The idea is based on a concept of scaling and similarity.
Any vector that "has the same direction" as $\left(- 8 , 7 , 8\right)$ has all the coordinates proportional to this given vector and, therefore, can be described by coordinates $\left(- 8 f , 7 f , 8 f\right)$ where $f$ is a scaling factor.

All we need now is to find a scaling factor that leads to a vector with the length $3$.

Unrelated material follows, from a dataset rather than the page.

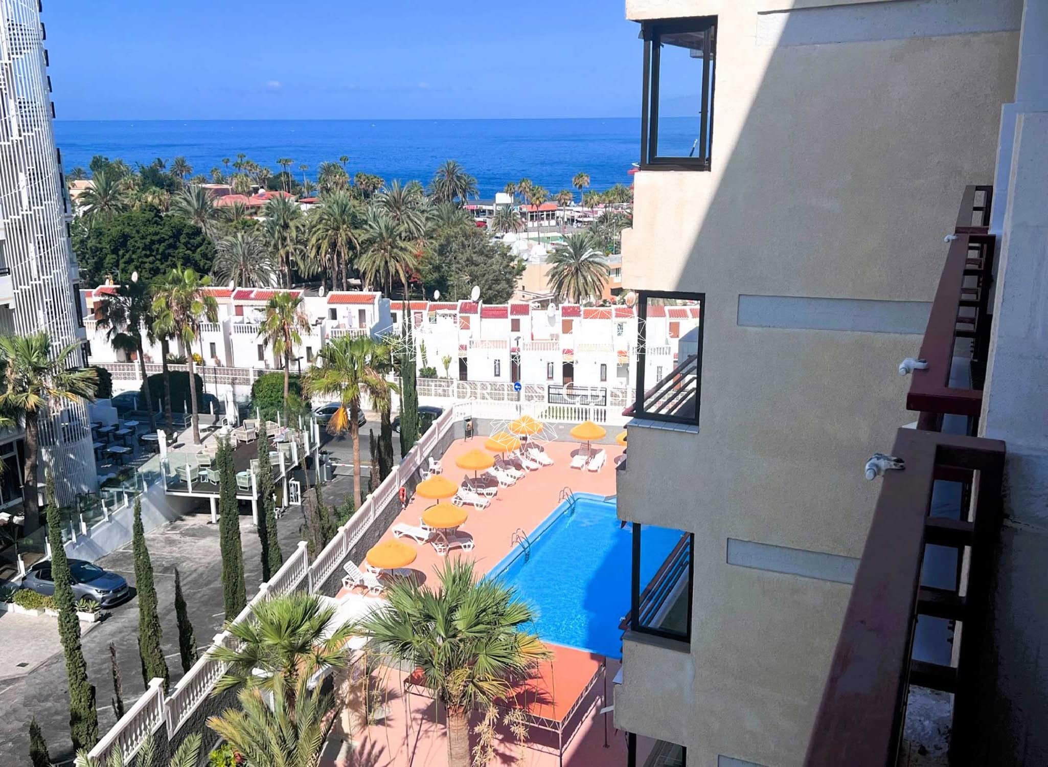 This fifth floor apartment enjoys a pleasant outlook from it's 8m² balcony, down towards the communal pool and laterally, out towards the Atlantic Ocean. Internally, the bathroom has been recently refurbished to include a walk in shower and is now presented in a nice modern style. The rest of this compact apartment would benefit from some modernisation and cosmetic upgrade but for a small investment, it could certainly be an attractive option for those looking for small holiday apartment, located in one of the most sought after parts of Playa de las Americas.

The length of a vector with coordinates $\left(- 8 f , 7 f , 8 f\right)$ equals to
$\sqrt{64 {f}^{2} + 49 {f}^{2} + 64 {f}^{2}} = f \cdot \sqrt{177}$

So, if we want the length to be equal to $3$, we should choose
$f = \frac{3}{\sqrt{177}}$

The coordinates of a vector with the same direction as $\left(- 8 , 7 , 8\right)$ but with the length $3$ will be
$\left(- \frac{24}{\sqrt{177}} , \frac{21}{\sqrt{177}} , \frac{24}{\sqrt{177}}\right)$

Oct 7, 2015

${\overline{A}}_{3} \cong < - 1.80 , 1.578 , 1.80 >$

#### Explanation:

Let
$\textcolor{w h i t e}{\text{XXX}} {\overline{A}}_{o}$: be the original vector $< - 8 , 7 , 8 >$
$\textcolor{w h i t e}{\text{XXX}} {\overline{A}}_{1}$: be unit vector in same direction as ${\overline{A}}_{o}$
$\textcolor{w h i t e}{\text{XXX}} {\overline{A}}_{3}$: be vector in same direction as ${\overline{A}}_{o}$ with length of $3$

$| {\overline{A}}_{o} | = \sqrt{{\left(- 8\right)}^{2} + {7}^{2} + {8}^{2}} = \sqrt{177} \cong 13.304$

${\overline{A}}_{1} = \frac{{\overline{A}}_{o}}{|} {\overline{A}}_{o} | = < \frac{- 8}{\sqrt{177}} , \frac{7}{\sqrt{177}} , \frac{8}{\sqrt{177}} >$

${\overline{A}}_{3} = 3 \cdot {\overline{A}}_{1}$
$\textcolor{w h i t e}{\text{XXX}} = < \frac{- 24}{\sqrt{177}} , \frac{21}{\sqrt{177}} , \frac{24}{\sqrt{177}} >$

$\textcolor{w h i t e}{\text{XXX}} \cong < - 1.80 , 1.578 , 1.80 >$